On Mon, Dec 01, 2025 at 11:31:57PM -0800, Umesh Nerlige Ramappa wrote:
> On Mon, Dec 01, 2025 at 10:39:54AM -0800, Matthew Brost wrote:
> > We now have proper infrastructure to accurately check the LRC timestamp
> > without toggling the scheduling state for non-VFs. For VFs, it is still
> > possible to get an inaccurate view if the context is on hardware. We
> > guard against free-running contexts on VFs by banning jobs whose
> > timestamps are not moving. In addition, VFs have a timeslice quantum
> > that naturally triggers context switches when more than one VF is
> > running, thus updating the LRC timestamp.
> 
> I guess some workloads are configured to just keep running on VFs without
> switching. I am assuming they are classified as Long Running and are not
> affected by TDR. If so, the timeouts should still work reasonably on a VF
> considering switching is usually in milliseconds and timeouts are much
> larger.
> 
> > 
> > For multi-queue, it is desirable to avoid scheduling toggling in the TDR
> > because this scheduling state is shared among many queues. Furthermore,
> > this change simplifies the GuC state machine. The trade-off for VF cases
> > seems worthwhile.
> > 
> > v5:
> > - Add xe_lrc_timestamp helper (Umesh)
> > v6:
> > - Reduce number of tries on stuck timestamp (VF testing)

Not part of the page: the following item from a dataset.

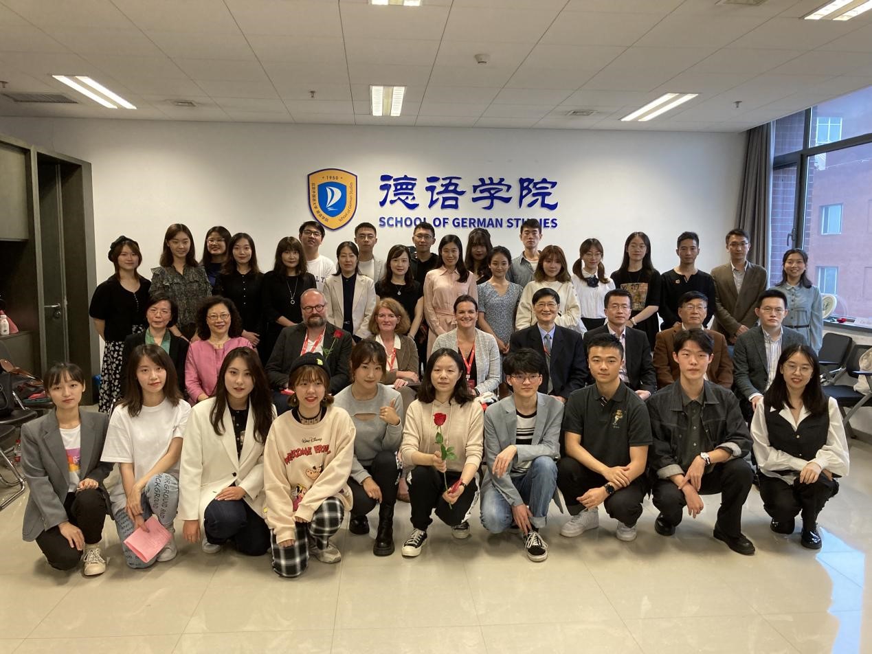 参加本次活动的系友嘉宾有原中国驻奥地利大使馆文化参赞、原德国柏林中国文化中心主任贾建新先生、中联部德奥处处长孙守亮先生、中央党史和文献研究院第五研究部一级翻译张凤凤女士、国家体育总局李嬿女士、华晨宝马公司陈静女士、中央电视台国际新闻编辑赵雄先生、德国电信北京代表处黎默雨女士等。受邀出席诗诵会的德方嘉宾有德国学术交流中心北京代表处首席代表Ruth Schimanowski女士、德国歌德学院副院长伉俪Sabine Wilmes女士和Henrik Dittmann先生。北外上海校友会会长、“程慧玲奖学金”捐赠者、我院1981级系友程慧玲女士和“球王会体育官方网站思刚教育发展基金”捐赠者、我院1994级系友秦思刚、罗旻一家也参与了诗诵会活动。
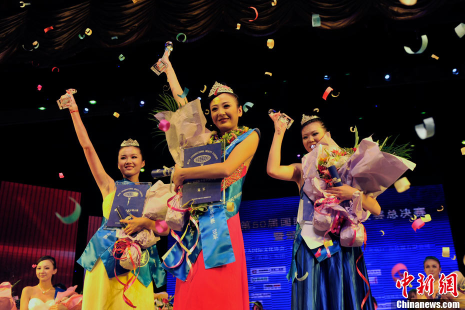 9月26日晚,第50屆國際小姐中國大賽總決賽暨頒獎(jiǎng)晚會(huì)在北京之夜香艷落幕。43名佳麗通過旗袍、個(gè)性服飾、泳裝和晚禮服的展示,動(dòng)聽的歌聲和優(yōu)美的舞蹈為眾人獻(xiàn)上了一場精彩的視覺盛宴。經(jīng)過激烈的角逐和比拼,來自湖北的41號(hào)佳麗袁思怡奪得冠軍,榮膺“中國小姐”稱號(hào)。34號(hào)武靜羽和44號(hào)魏嘉寶分獲亞軍和季軍。中新網(wǎng)記者 金碩 攝

> > - Convert job timestamp save to a memory copy (VF testing)
> > v7:
> > - Save ctx timestamp to LRC when start VF job (VF testing)
> > 
> > Signed-off-by: Matthew Brost <matthew.brost@intel.com>
> > ---
> > drivers/gpu/drm/xe/xe_guc_submit.c      | 97 ++++++-------------------
> > drivers/gpu/drm/xe/xe_lrc.c             | 42 +++++++----
> > drivers/gpu/drm/xe/xe_lrc.h             |  3 +-
> > drivers/gpu/drm/xe/xe_ring_ops.c        | 25 +++++--
> > drivers/gpu/drm/xe/xe_sched_job.c       |  1 +
> > drivers/gpu/drm/xe/xe_sched_job_types.h |  2 +
> > 6 files changed, 76 insertions(+), 94 deletions(-)
> > 
> > diff --git a/drivers/gpu/drm/xe/xe_guc_submit.c b/drivers/gpu/drm/xe/xe_guc_submit.c
> > index 8190f2afbaed..dc4bf3126450 100644
> > --- a/drivers/gpu/drm/xe/xe_guc_submit.c
> > +++ b/drivers/gpu/drm/xe/xe_guc_submit.c
> > @@ -68,9 +68,7 @@ exec_queue_to_guc(struct xe_exec_queue *q)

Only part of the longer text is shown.